I know that if I don't bring everything with me I will get moved to a new placement or will need something that's here to finish my homework and my grades are already low enough.

If I don't have at least a C in all of my classes then I'm not eligible for sports and then they could take my scholarship away. The last thing I need is to move schools again. This is why I take all of the lowest level classes I can take as a freshman.

Pre-Algebra, Biology, World History, English I, Gym, Study Hall, and Theology. Which is so stupid, but it is a religious-based school so everyone has to take it even if they aren't religious. Spoiler alert I'm not.

As the student body heads out into the rain rushing home or to hang out with their friends, I slowly make my way across the courtyard to the AD's office.

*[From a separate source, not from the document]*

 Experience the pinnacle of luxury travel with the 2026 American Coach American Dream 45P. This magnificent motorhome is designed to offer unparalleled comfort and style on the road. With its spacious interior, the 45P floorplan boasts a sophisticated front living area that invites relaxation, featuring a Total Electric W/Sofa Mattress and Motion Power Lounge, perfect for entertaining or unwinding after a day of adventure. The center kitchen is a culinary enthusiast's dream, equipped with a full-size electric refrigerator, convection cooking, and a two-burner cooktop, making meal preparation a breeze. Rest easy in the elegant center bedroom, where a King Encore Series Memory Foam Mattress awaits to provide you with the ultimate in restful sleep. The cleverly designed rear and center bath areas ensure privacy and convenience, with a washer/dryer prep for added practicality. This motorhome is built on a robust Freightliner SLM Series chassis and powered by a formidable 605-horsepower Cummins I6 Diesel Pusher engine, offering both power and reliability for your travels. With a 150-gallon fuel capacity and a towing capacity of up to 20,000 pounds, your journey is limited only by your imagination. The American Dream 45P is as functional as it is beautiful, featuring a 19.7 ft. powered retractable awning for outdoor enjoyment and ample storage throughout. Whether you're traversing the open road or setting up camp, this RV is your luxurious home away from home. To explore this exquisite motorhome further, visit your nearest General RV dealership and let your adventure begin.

When I arrive I knock on the door and wait to be invited in.

"Madison come in," Mr. Brown welcomes. I walk into the office and see someone else behind Mr Brown's desk. It takes me a second to realize who I've come face to face with. 'WHAT. THE. HELL.'

"I'm sure you know who this is."

I nod. "You-you're J-Jill Elis-s, th-th-the head coach-ch of th-the US W-women's N-na-national S-s-soccer T-team." I say as fast as I can.

Jill lets out a small laugh. "That I am. And you are Madison Young, a 15-year-old athletic sensation. You play football and run cross country in the fall, basketball in the winter, and soccer and track in the spring. Yet you don't play on any club teams despite, from what I've heard has been, numerous offers. Why is that?"

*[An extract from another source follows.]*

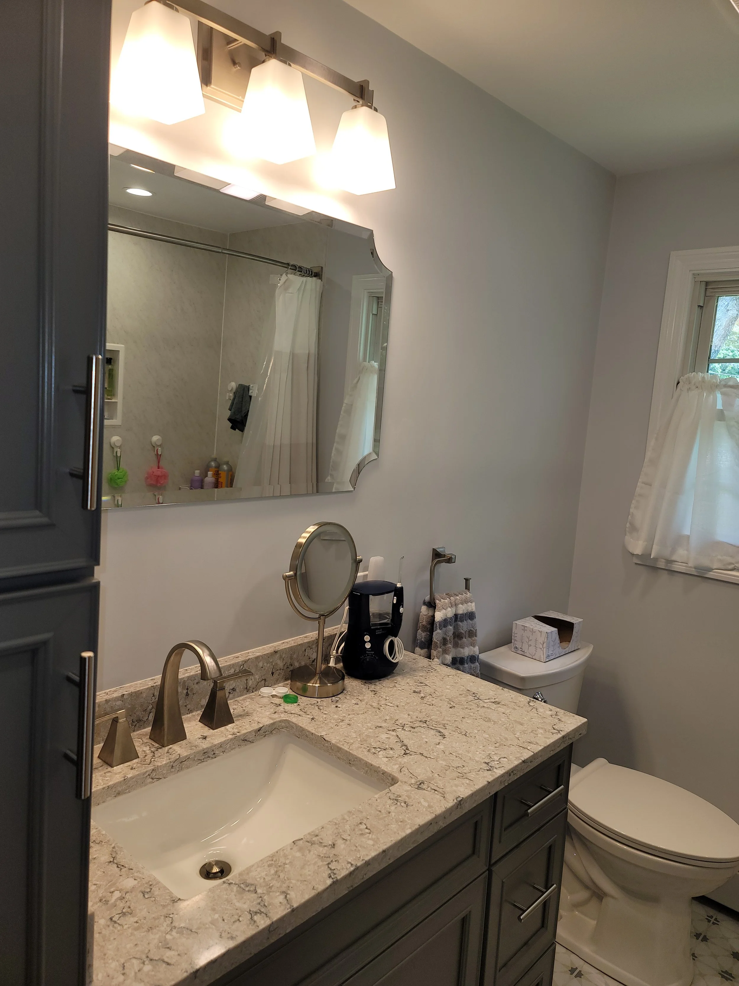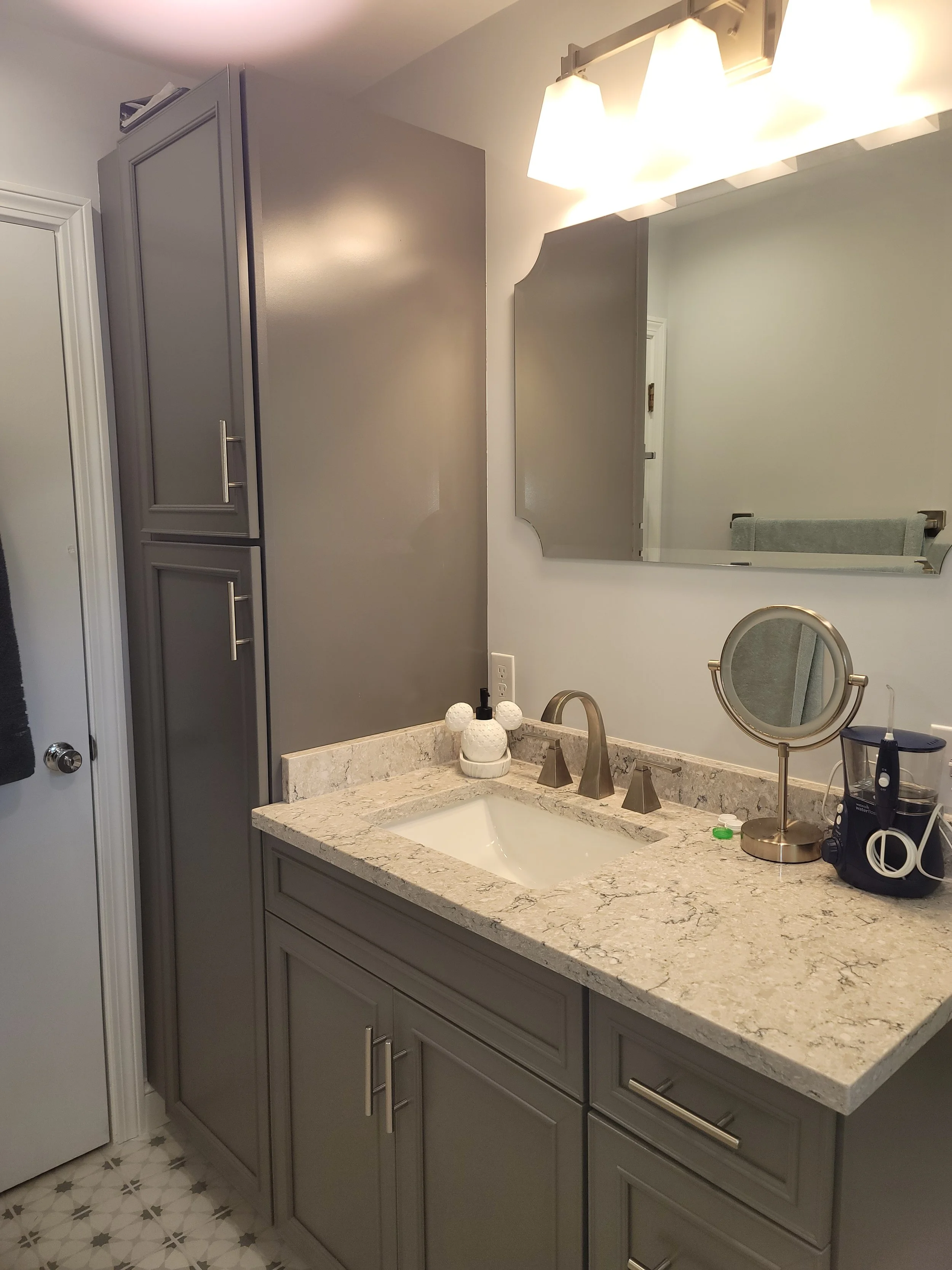 We installed a stunning Waypoint 540F Painted Boulder vanity measuring 42" x 34", complete with butt doors and a spacious vanity linen tower featuring cushion-close deep roll-out trays for enhanced storage. The vanity is topped with luxurious Pietra Quartz (43"), featuring a sleek rectangular undermount sink, pencil edge detailing, and a 4" backsplash. Satin Nickel Naples hardware from Hardware Resources adds the perfect finishing touch. Above the vanity, a Delacora Scalloped Mirror Medicine Cabinet (36" x 24") complements the space beautifully, paired with the elegant Signature Hardware Hoxton 3-Light Vanity Light with frosted glass shades.

"I-I uh, I mov-ve around a-a-lot-t. Not-t-t r-really in a-any one pl-place l-long enough f-f-for someth-th-thing l-like th-that-t."

"I see, so you wouldn't be against coming to the next US Women's National Team camp in May?" I looked at the woman like she had spoken another language.

"Wh-wh-what-t?"

Jill lets out a small laugh. "I want you to come to the next camp. I am calling you up to the team. From what I hear you are the best of the best for your age. Our team is the best of the best, I think you could gain a lot of experience. So what do you say? Should I schedule your flight?"

I nod my head, "Y-y-yes, y-yes th-thank y-y-you."

"Well, then I can't wait to see you there."